QUANDO E PERCHÉ CHIEDERE UN’ANALISI DEL GENE APOE
Nello sviluppo e nell’uso di modelli di rischio è stato osservato che le variazioni nel gene APOE svolgono un ruolo fondamentale nel predire il rischio di sviluppare la malattia. Potrebbe quindi risultare utile effettuare l’analisi delle mutazioni in questo gene? «Né la società che rappresento, la SIN, né la Società Italiana di Genetica Umana (SIGU), hanno una risposta univoca a questa domanda. Possiamo dire che in caso di disturbo cognitivo può essere utile verificare la presenza di alterazioni di APOE, che possono fornire indicazioni sulla rapidità del declino cognitivo». D’altra parte è stato osservato che nei portatori della variante ε4 di APOE i nuovi anticorpi anti-amiloide (aducanumab, lecanemab, donanemab) funzionano, ma causano più spesso gli effetti collaterali chiamati ARIA, piccoli edemi o microemorragie visibili alla risonanza magnetica. Sapere se una persona è portatrice di ε4 aiuta quindi il neurologo a decidere dose, frequenza delle infusioni e schema di monitoraggio, motivo per cui il test genetico APOE sta diventando routine nei centri che prescrivono queste terapie nel mondo (l’unica approvata attualmente in Europa è lecanemab).

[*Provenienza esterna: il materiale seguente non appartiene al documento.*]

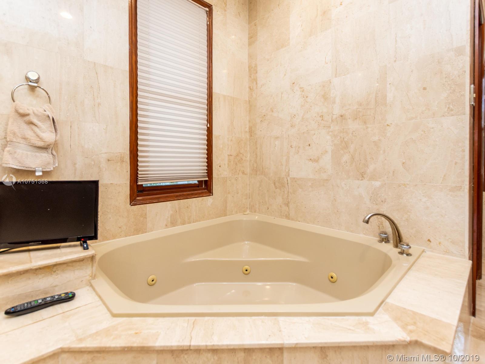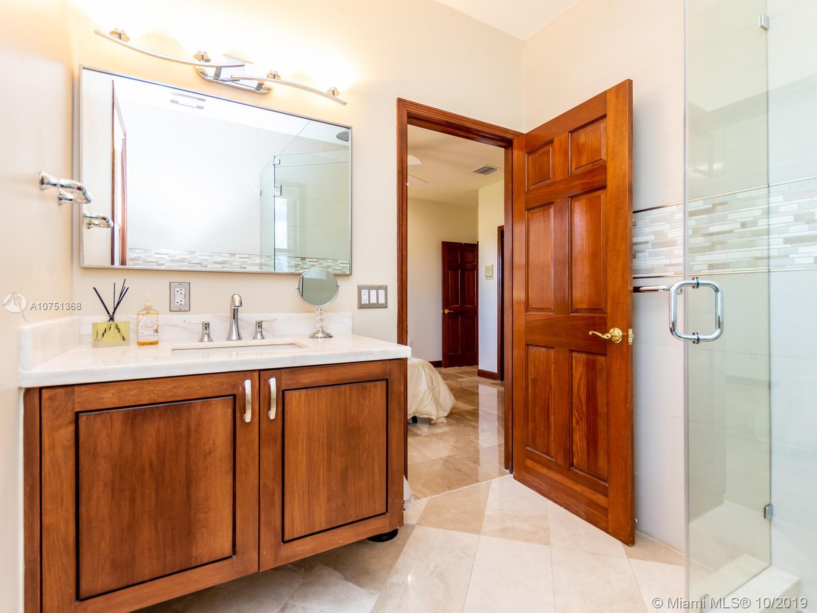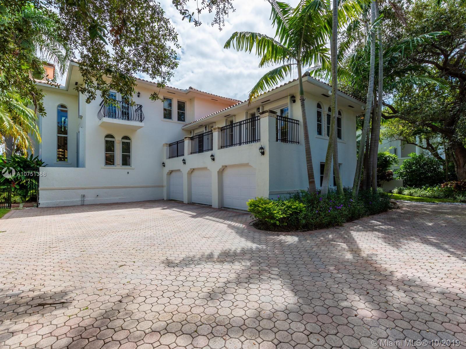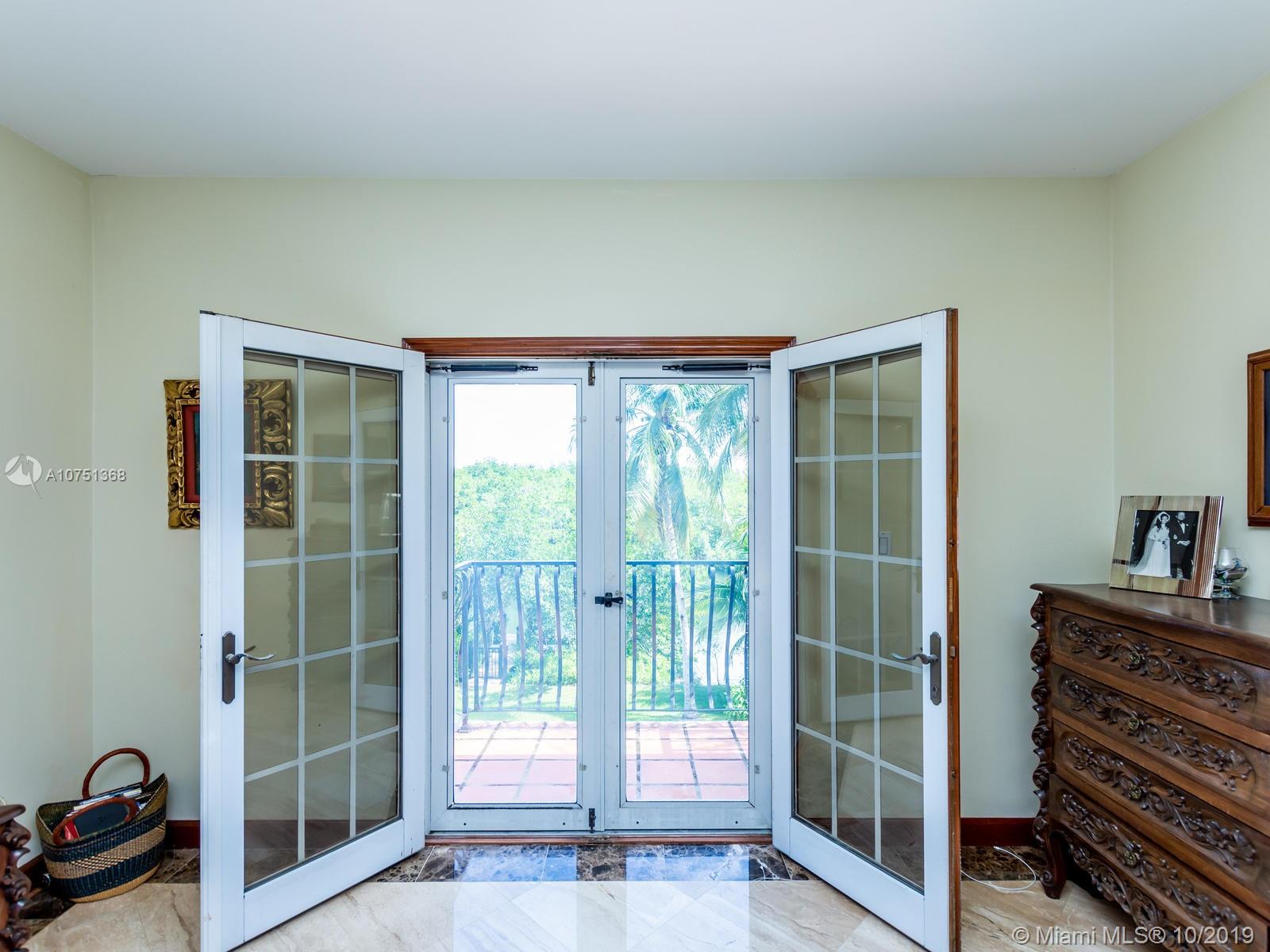 Poised in a well guarded community, this elegant tri-level Mediterranean residence possesses great style and warmth, achieved through exceptional design and superior grade construction. A six bedroom and six and one half bath with serene views of the lush patio and pool area, private water views and majestic mangrove preserve. Finely crafted custom woodworks with gleaming beige marble floors. Entry foyer, formal living room, formal dining room and large traditional library. Two story keystone fireplace in spacious and inviting family room. Newly renovated dock.
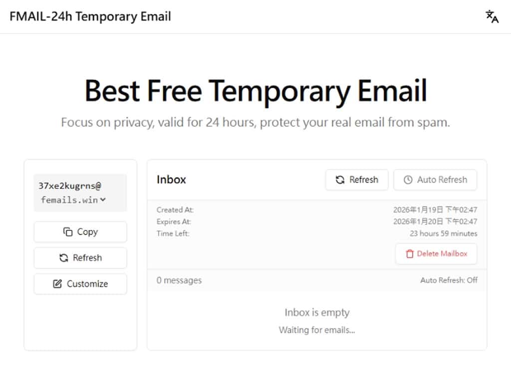 是一個提供臨時電子郵件地址的線上服務。簡單來說,它讓你在幾秒鐘內生成一個可以接收郵件的信箱地址,用完就丟,不留痕跡。這種服務在國外也被稱為 "Disposable Email"(拋棄式信箱)或 "Temporary Email"(臨時信箱)。它的核心理念很簡單:保護你的真實信箱不被濫用。
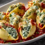 Delicious pasta shells filled with a creamy spinach and ricotta mixture, baked to perfection.
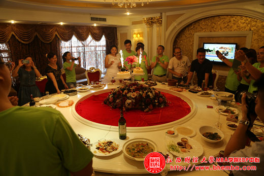 參觀完企業(yè),同學(xué)們在修水縣用午餐,同時為黃麗和龔海燕兩位美女同學(xué)過了生日,在耀眼的噴火蠟燭下,每個人的臉上洋溢著燦爛,此時的幸福猶如桌上的生日蛋糕,精美甜蜜。
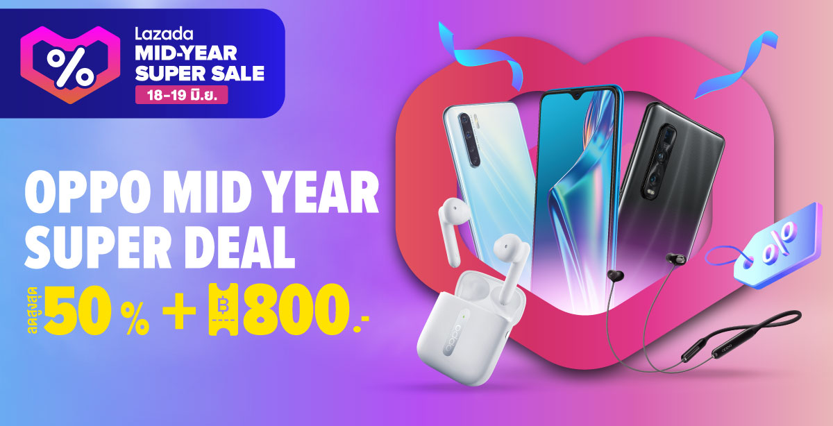 OPPO มอบโปรโมชั่นสุดคุ้มในแคมเปญ OPPO MID YEAR SUPER DEAL ทั้งลดทั้งแถม เมื่อซื้อสมาร์ทโฟน OPPO หรืออุปกรณ์เสริม ตั้งแต่วันที่ 18 – 19 มิถุนายนนี้ ที่ OPPO Official Store ใน Lazada โดยโปรแรงสุดคุ้มห้ามพลาด มีรายละเอียด ดังนี้
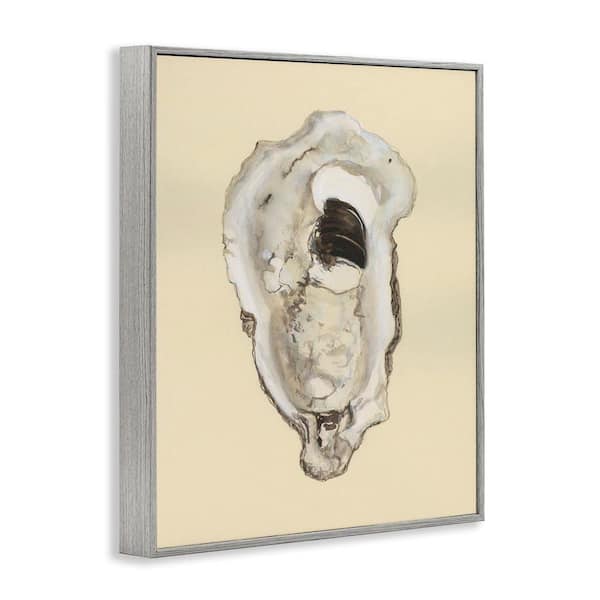 Aquatic Oyster on Beige by Michael Willett Gray Framed Coastal Giclee Art Print 30 in. x 24 in.
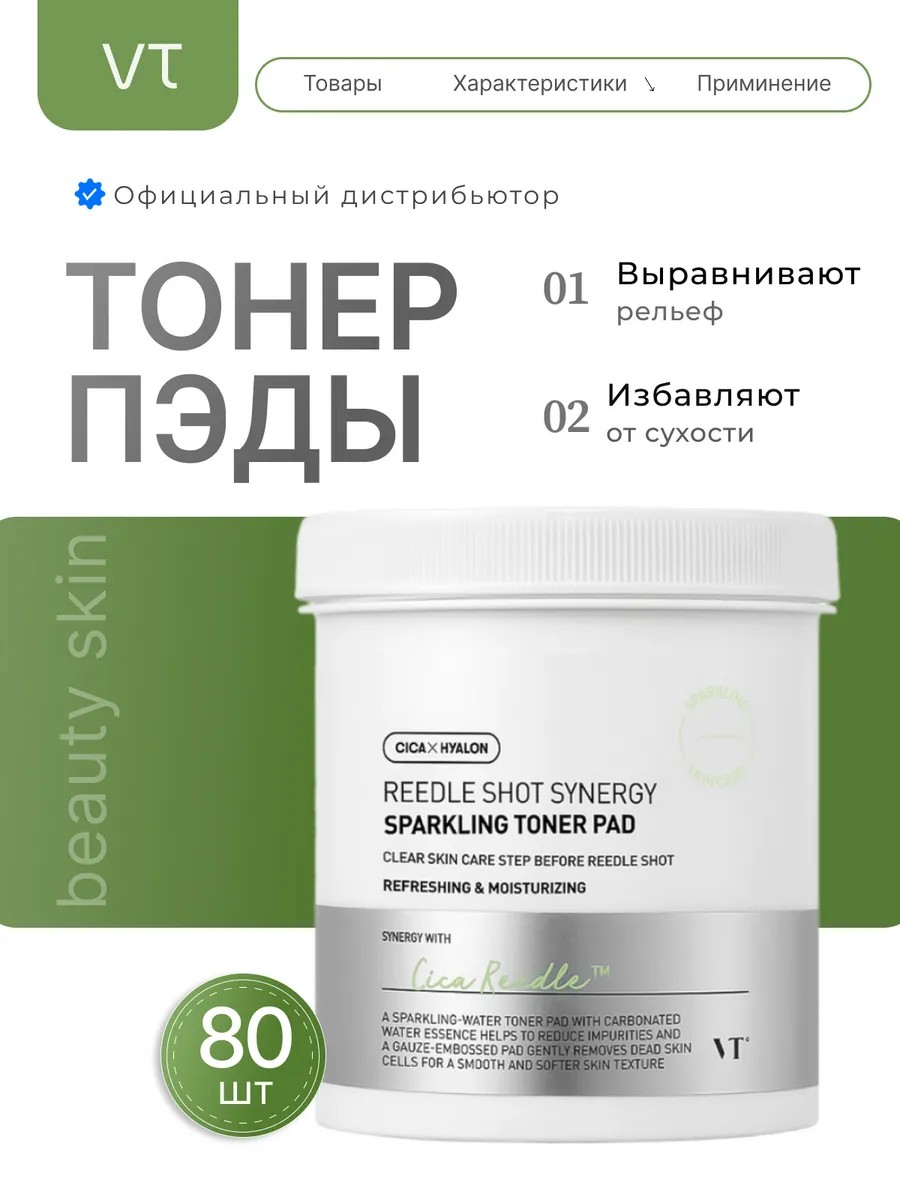 VT Cosmetics Reedle Shot Synergy Sparkling Toner Pads cleanse the skin of excess sebum, remove dead skin cells, and even out the skin's microrelief.
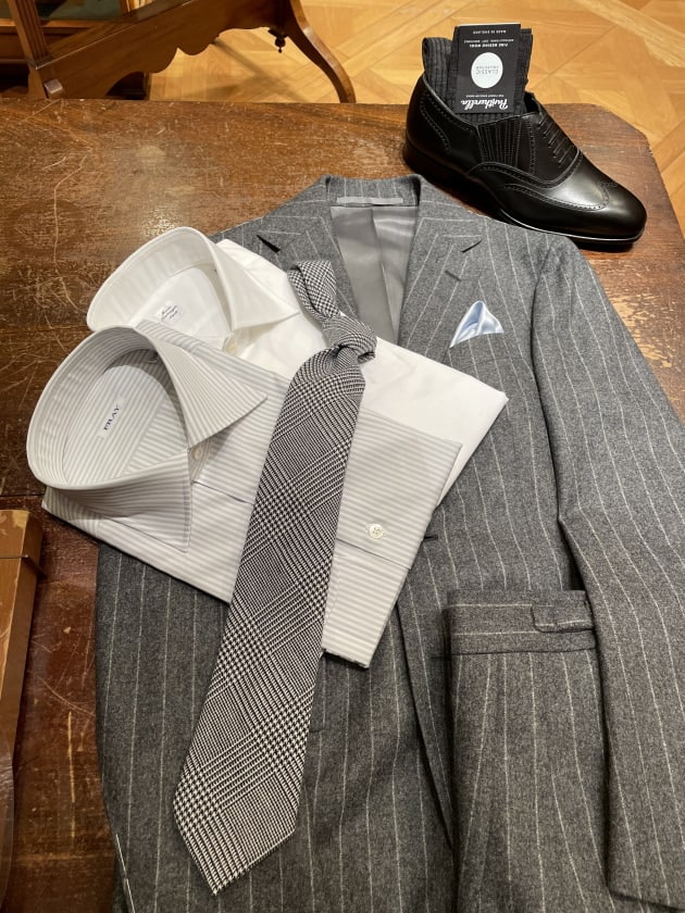 本来は王道の合わせですので何も問題はないのですが、ビームスらしいこなしと今の時代感を表現するためストライプタイの選択になったとのこと。
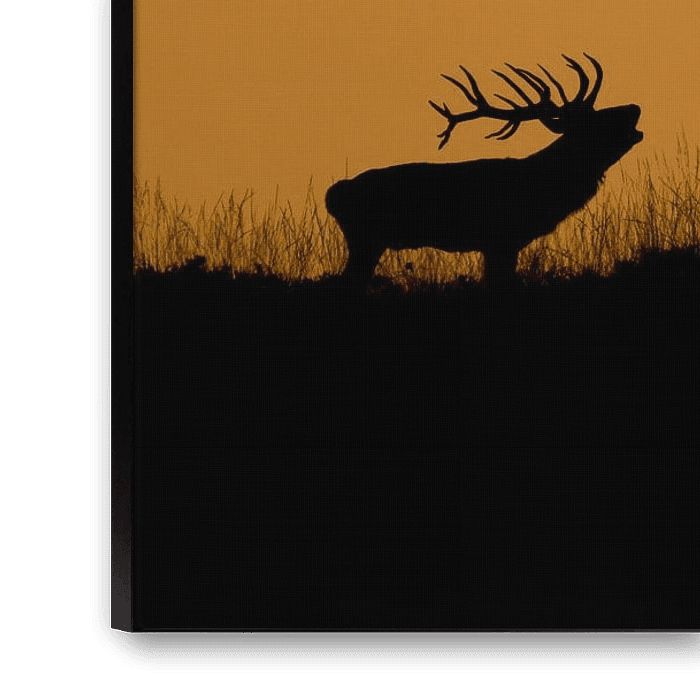 Een burlend edelhert tijdens de hertenbronst met zijn hindes. De foto is genomen tijdens de zonsondergang.

ATTENZIONE ALLA COMPONENTE PSICOLOGICA
Mentre però lo screening genetico per i pazienti con forme precoci e per i loro parenti di primo grado in genere è inserito nei LEA (Livelli Essenziali di Assistenza) e quindi è a costo del Servizio Sanitario Nazionale, la genotipizzazione di APOE non è coperta dal SSN, poiché la presenza di determinate varianti del gene, aumenta il rischio ma non determina con certezza lo sviluppo della malattia. In ogni caso, nota Padovani, l’esame, per quanto consista in un semplice prelievo del sangue da cui poi viene estratto e analizzato il Dna, prevede un processo più complesso. «Le strutture che effettuano l’analisi devono anche verificare se la persona che richiede lo screening non presenti particolari criticità che possano portare, in base ai risultati ottenuti, a reazioni catastrofiche». Non bisogna dimenticare che i risultati di esami del genere, per quanto non necessariamente conclusivi, possono esercitare un enorme impatto psicologico, soprattutto considerando che non esistono ancora farmaci curativi.
VERSO LA PREVENZIONE PERSONALIZZATA
Nel momento in cui i profili di rischio genetico saranno più accurati, sarà possibile usarli per prevedere il livello di rischio e sulla base di questo, intervenire per ritardare il più possibile l’insorgenza della malattia. «Visto il periodo di grande progresso tecnologico che stiamo vivendo, penso che arriveremo presto a identificare un profilo di rischio genetico accurato che ci permetta di individuare i meccanismi patogenetici caratteristici di ogni singolo individuo», conclude Padovani. «Credo che questa sia la chiave per un intervento efficace sia in ambito oncologico che neurodegenerativo: individuare i fattori di rischio di ogni singolo individuo e intervenire precocemente. Probabilmente sarà questa la strada per una prevenzione personalizzata».